Astro Glossary

  • Taurus, the Bull

    A constellation of the zodiac marked by a V-shaped pattern of stars that outlines the bull’s face.

  • Telescopes and Modern Observatories

    A telescope is an optical instrument that gathers and focuses light into a camera, CCD, spectrograph, or an astronomer’s eye. Two major types of telescopes dominate astronomy: reflectors and refractors. Many of the world’s largest telescopes are housed at observatories: The entire complex of buildings, telescopes, equipment, and staff involving scientific astronomical observations. Small observatories might consist of just one telescope situated in a dome, one instrument and computer, and one observer.
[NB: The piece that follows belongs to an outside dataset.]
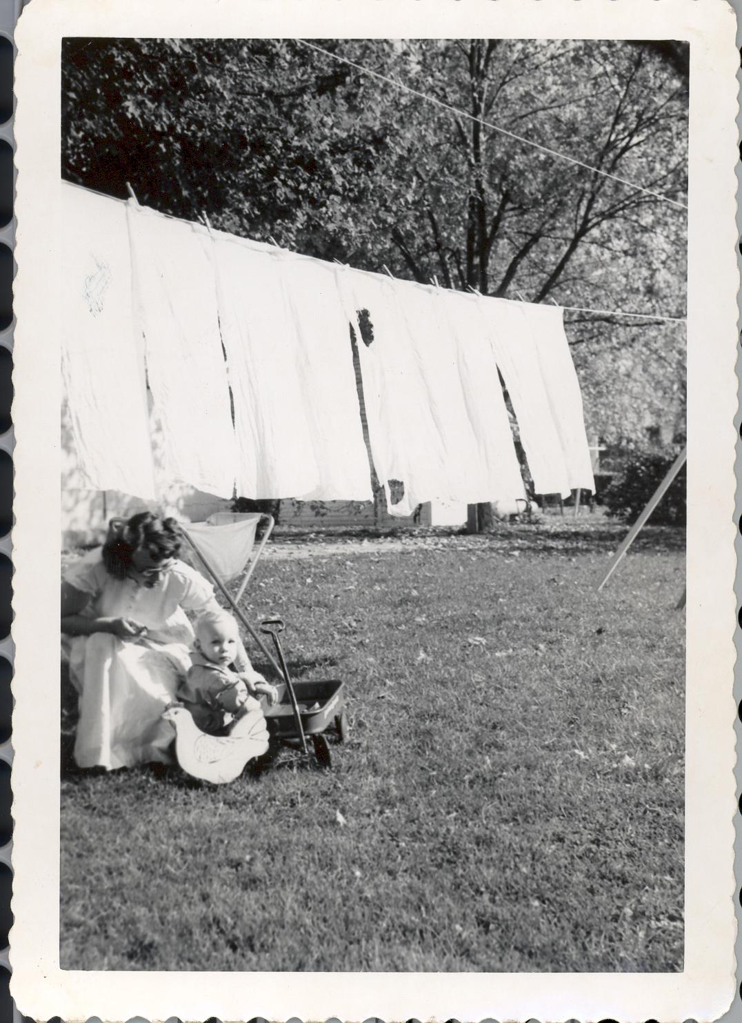 PicId: scan0081 Group: Misc Where: Grandma Polly's House, Churubusco, IN When: 07-01-1950 Subject(s): Kathleen Kay Hershey; Ernest Allen Hershey, III Comments: Mom and Al at Polly’s at Busco (diapers hanging in background); before they drove Grandma Hershey out to CA |

McDonald Observatory is an example of a major observatory, and consists of five major telescope in five different domes, numerous instruments, computers, living quarters, outbuildings, astronomers, and engineers.

  • Teotihuacan

  • Thuban

    A former “North Star” 300 light-years away in the constellation Draco, the dragon.

  • Tides

    A stretching force that is caused by the difference between gravitational forces on opposite sides of an object, such as a planet or moon. For example, because the Moon pulls on opposite sides of the Earth with different strengths, water on the Earth is pulled either toward or away from the Moon, resulting in the ocean tides. Elsewhere in the Solar System, the magnitude of gravitational force on Jupiter’s moon Io is greatest on the side of Io that faces Jupiter and least on the back side. The difference between the two forces compresses and stretches Io, which in turn heats up Io’s interior. As a result, Io is the most geologically active body in the solar system.

  • Timekeeping and Calendars

  • Titan

    The largest moon of Saturn and the second-largest moon in the solar system. Titan has a thick, cold, nitrogen-rich atmosphere that supports winds, clouds, and rain. The rain, which consists of droplets of liquid methane and ethane, fills hundreds of lakes and seas in Titan’s polar regions, and appears to carve river channels. Tiny grains of methane ice form long, tall dunes across parts of Titan, and “volcanoes” may spurt frozen water onto the surface. A vast ocean of liquid water may lie far beneath Titan’s crust. The Huygens probe landed on Titan in 2006, with its images showing rounded pebbles on the surface, perhaps smoothed by water. Titan is difficult to study from afar because the atmosphere is topped by “smog” — a layer of hydrocarbons that turn orange when exposed to sunlight. The Cassini spacecraft, which ferried Huygens to Titan, has made by dozens of passes by the big moon, using radar and instruments sensitive to infrared and ultraviolet light to peer through the haze and map much of Titan’s surface.

  • Tombaugh, Clyde

    An American astronomer who discovered Pluto in 1930. He was the first American to discover a planet in our solar system.

  • Transiting Exoplanet Survey Satellite (TESS)

    TESS is a space telescope, launched April 18, 2018, designed to follow up on the discoveries of planets orbiting stars other than the Sun. In particular, it is studying planets around particularly bright stars, which generally are among the closest to Earth. Its observations will allow astronomers to determine the sizes and masses of the planets it studies, which reveals their density. That can tell us whether the planets are dense and rocky, like Earth; big and fluffy, like Jupiter and Saturn; or somwhere in between, like Neptune. Additional observations can reveal whether a planet has an atmosphere, and perhaps tell us something about the atmosphere's composition. The TESS observations also will reveal supernova explosions, variable stars, and other astronomical phenomena.